When the Federal Reserve cut its discount rate two weeks ago, it was dismissed by many observers as a "symbolic gesture". The discount rate, covering Fed lending to banks, long ago fell out of favour as a tool of monetary policy.

But the symbolic gesture had an impact. By Friday's close, the S&P 500 was up 4.8 per cent after the cut; the Nikkei 225 up 8.5 per cent; and the FTSE 100 up 7.6 per cent. New research suggests this could have been predicted, and cyclical stocks might rally more.

The study by US academics Robert Johnson, Mitchell Conover, Gerald Jensen and Jeffrey Mercer, available from the CFA Institute, shows that the discount rate is a great indicator of the direction of monetary policy. When it changes direction, it signals a shift between expansionary and restrictive monetary policy.

A crude strategy would buy defensive stocks when the discount rate goes up (showing the start of restrictive policy). These are sectors that are not strongly sensitive to the overall economy, such as resources, consumer staples, and utilities. It would buy cyclical stocks (such as consumer discretionary, financials, industrials, and technology) when the rate is cut, signalling easier money.

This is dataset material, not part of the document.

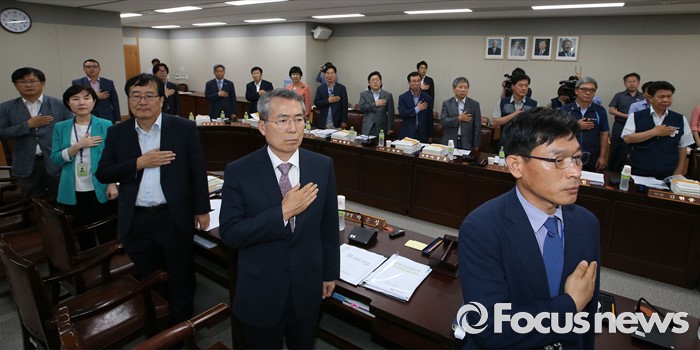 (세종=포커스뉴스) 박준성 최저임금위원회 위원장괴 위원들이 23일 오후 세종시 정부세종청사 고용노동부 전원회의실에서 열린 5차 전원회의에 앞서 국기에 대한 경례를 하고 있다.

Non-cyclicals rise 14.65 per cent a year under an expansive policy, compared to 20.3 per cent for cyclicals. But when the Fed is restrictive, cyclicals grow at only 2.25 per cent, compared to 10.24 per cent for non-cyclicals.

From 1973 to 2005, this crude strategy would have beaten the market by 3.78 per cent a year. The discount rate looks a remarkably powerful signal.

The strongest sectors since last month's discount rate cut are as predicted: materials, energy, technology, consumer discretionary and financials. The laggards, as predicted, are defensive: utilities, healthcare and consumer staples.

If - a big if - the economy avoids lasting damage from the credit crunch, the case for cyclical stocks looks strong.